A quantitative evaluation method for broken wires in bridge cables using 3D spatially sampled magnetic flux leakage signals

Bridge cables, which serve as critical load-bearing components in cable-supported bridges, are highly susceptible to broken wires caused by corrosion and fatigue. Accurate quantitative evaluation of this type of damage is essential to ensure structural safety. This study presents a novel quantitative evaluation method for identifying the number of broken wires by employing the magnetic flux leakage (MFL) signal in three-dimensional (3D) space. The method first acquires the 3D spatial magnetic leakage field and generates 3D arrays of MFL signals for computational analysis.
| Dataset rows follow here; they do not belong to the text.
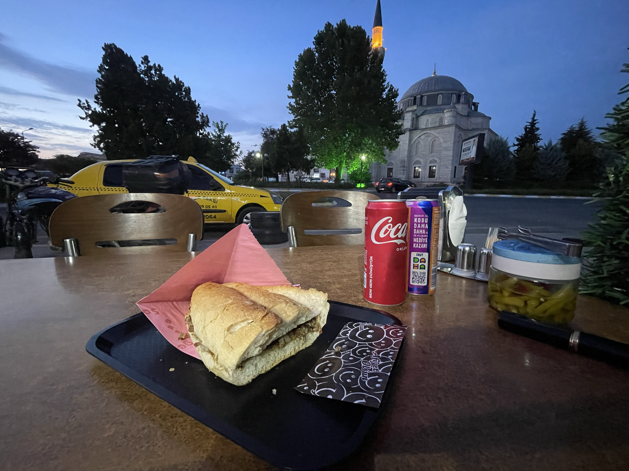 Остановился перекусить. Я так и не смог понять общего принципа работы кафе в Турции. Днём все заполнено. Сидят мужики и гоняют чаи (турецкие мужики пьют чай круглосуточно). А еды нет. Максимум, сделают сэндвич. Вчера с едой мне просто повезло, как выяснилось.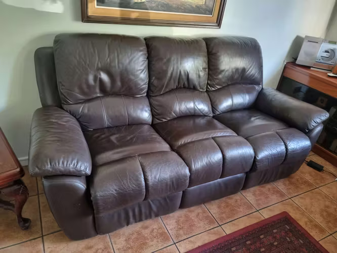 Sofá Rosen de cuero de tres cuerpos, en ambos costados estilo bergere. Con sus mecanismos en excelente estado.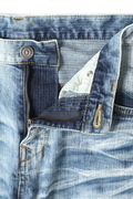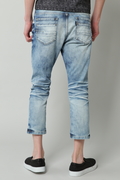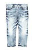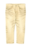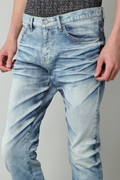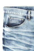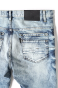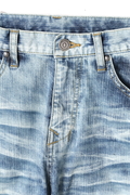 クラウド加工でブリーチし、さらに吹付け加工でシワに立体感を加工デニム。
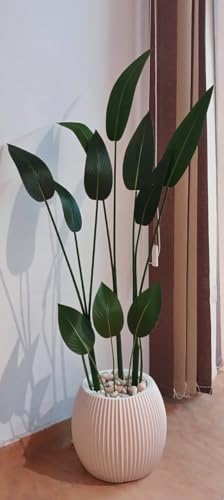 Generic - Artificial Banana Plant, 150cm, 10 Leaves, with White Acrylic Striped Pot, Home and Office Decor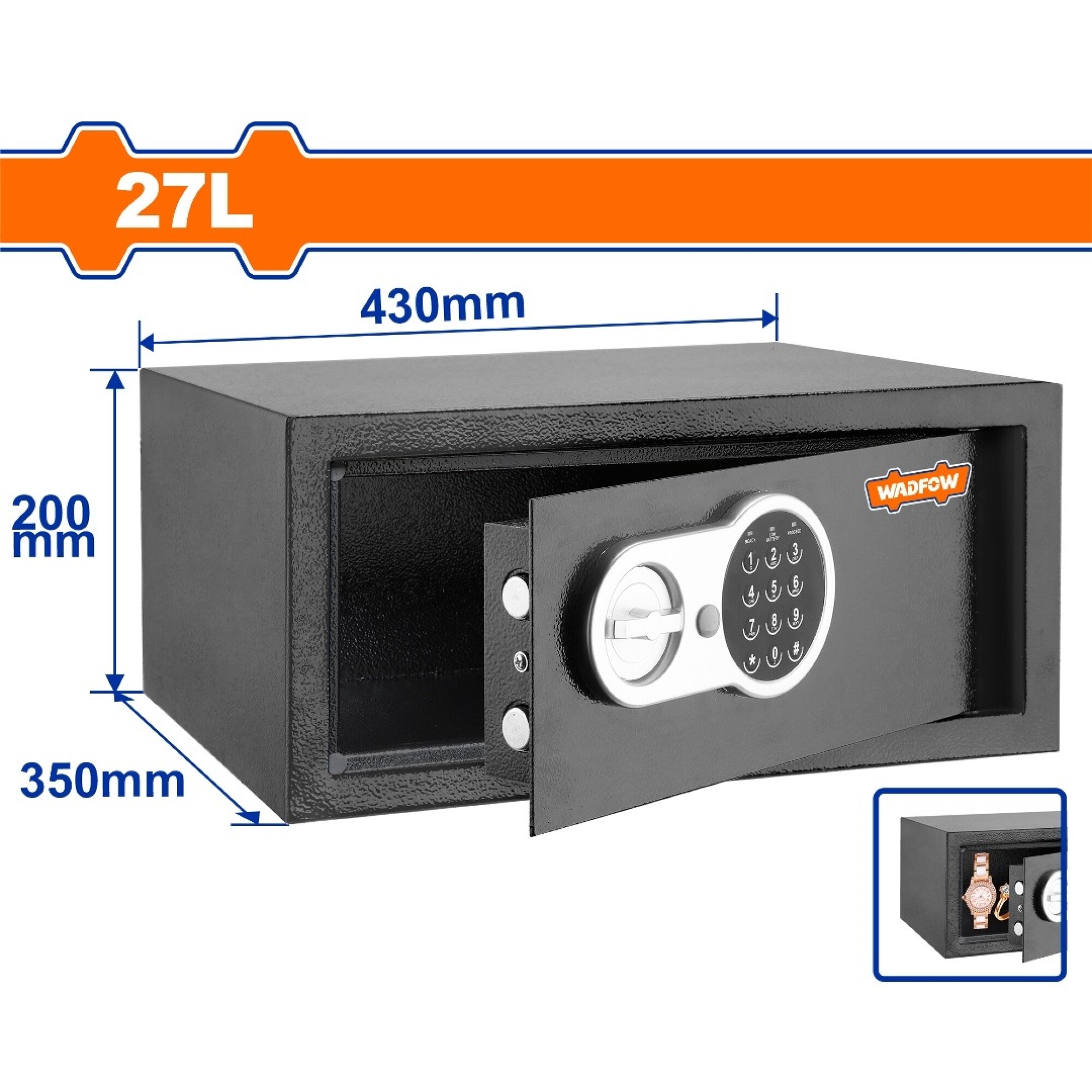 WADFOWCaja Fuerte Digital Wadfow WEB1535 27L Universo Binario -Dimensiones Exteriores: 8"*17*14". -Volumen:27l -Grosor Panel De La Puerta: 3mm -Grosor Cuerpo De La Caja: 1.5mm -Se Puede Registrar Código De 3 A 8 Dígitos Libremente -Peso Neto:9kg -Montaje:Se Puede Fijar A La Pared O Al Suelo -Incluye: *1 X Caja Fuerte *2 X Llave Mecánica *1 X Manual De Usuario / Instrucciones De Montaje *4 X Perno De Expansión Embalado En Caja De Color6976057339629001https://universobinario.com/catalogo/caja-fuerte-digital-wadfow-web1535-27l-universo-binario_6976057339629_001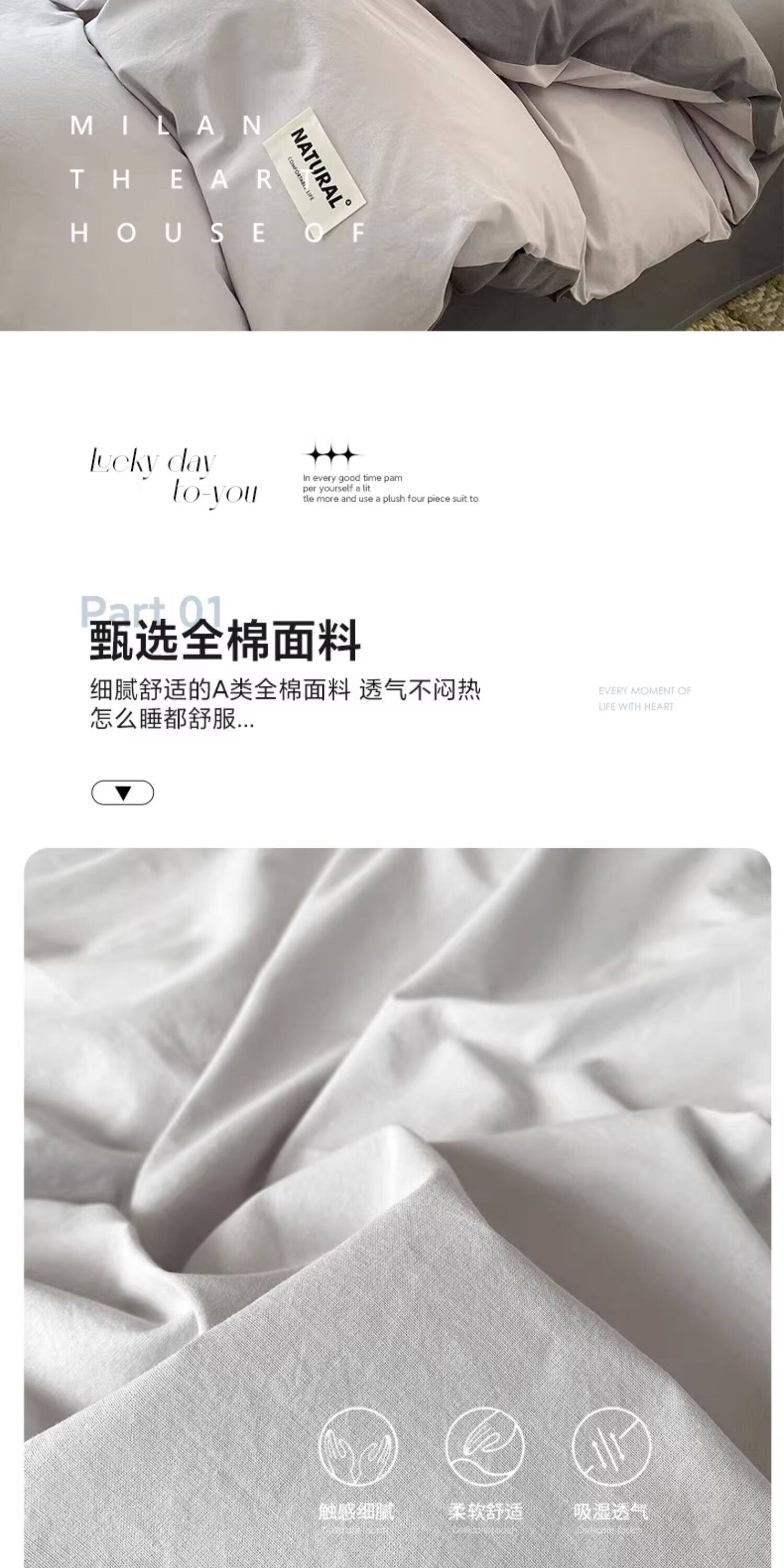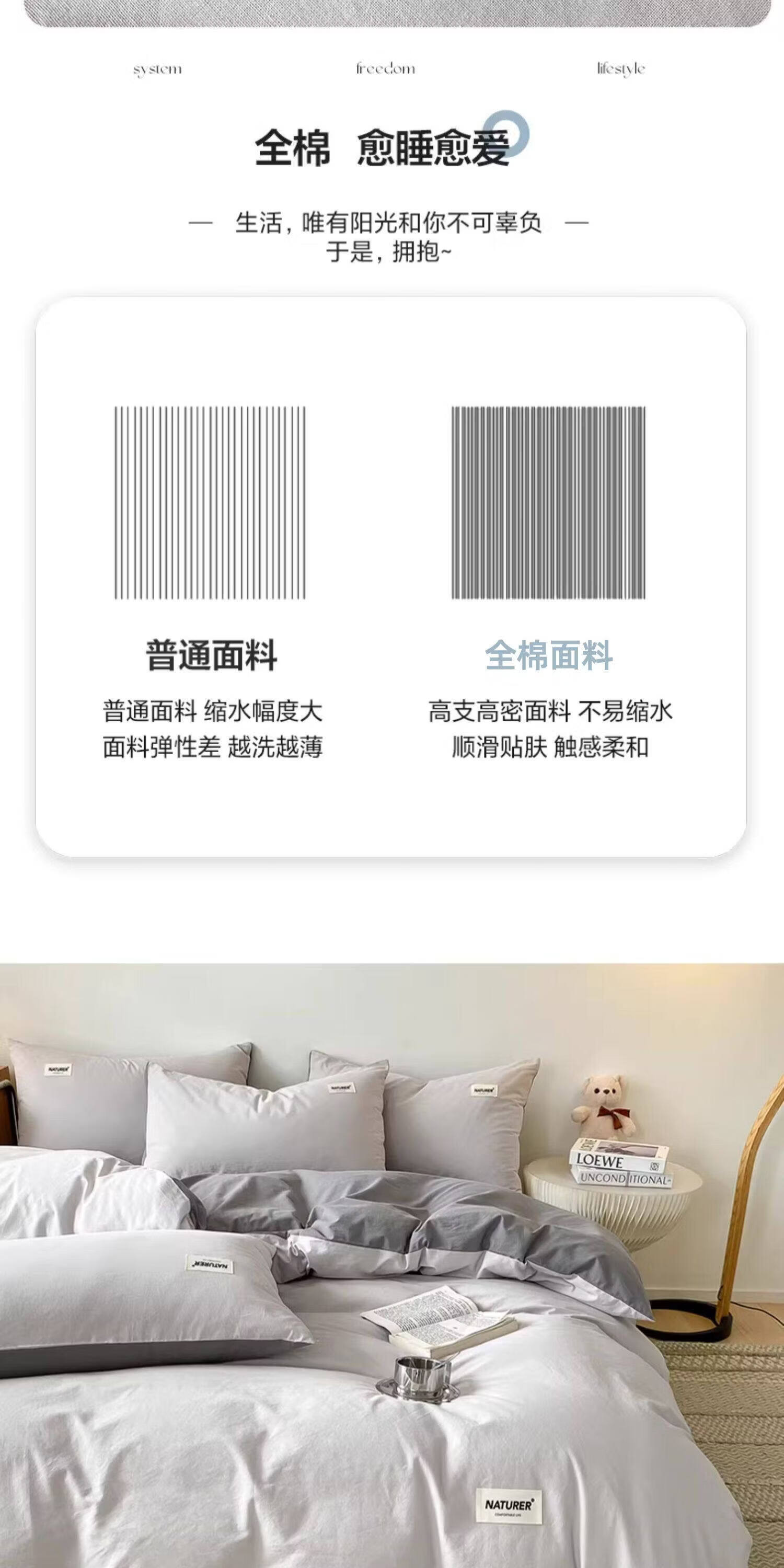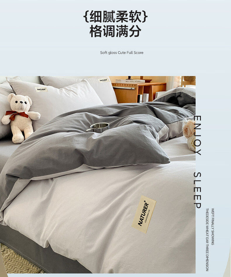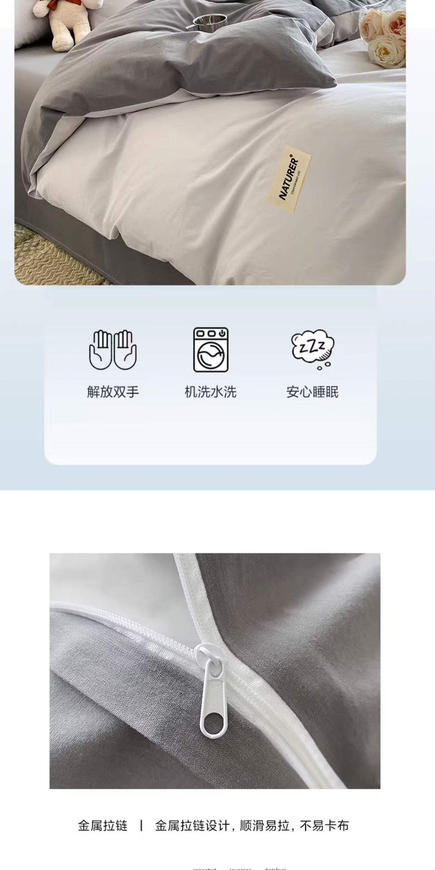 猫人(MiiOW)纯棉被套200x230cm100%全棉被罩单件床单床笠款床上用品四件套罩 山灰+中灰【A类品质面料 健康裸睡】 150x200cm被套单件【全棉面料 舒适透气】

It then extracts two categories of features. The first is the global feature, defined as the L1 norm distance (L1D) between the measured 3D spatial MFL signal and the defect-free reference signal. The second is the local feature, consisting of multi-scale waveform features organized as a feature array. The multi-scale waveform feature arrays are compressed using Multilinear Principal Component Analysis (MPCA) to reduce computational redundancy. The compressed feature arrays are then introduced into the Elastic Net-Constrained Regression (ENCR) model to predict defect width. The number of broken wires is ultimately calculated as the ratio of the total L1D value to the L1D value corresponding to the predicted width of a single wire. For a given broken wire width, the L1D demonstrates linear superposition with respect to the number of broken wires, with goodness-of-fit values exceeding 0.999, enabling proportional quantification. Validation through simulations and experiments on PES7-127 cables (127 wires of 7 mm diameter) confirms the method's effectiveness. The simulations achieved 100 % accuracy in counting broken wires across varying widths and distributions, while experimental results verified 100 % quantification accuracy (within a tolerance of ±1 wire) for defects involving ≤4 broken wires. This performance is obtained using a training dataset of only 30 samples. This study provides a practical and efficient approach for bridge cable assessment.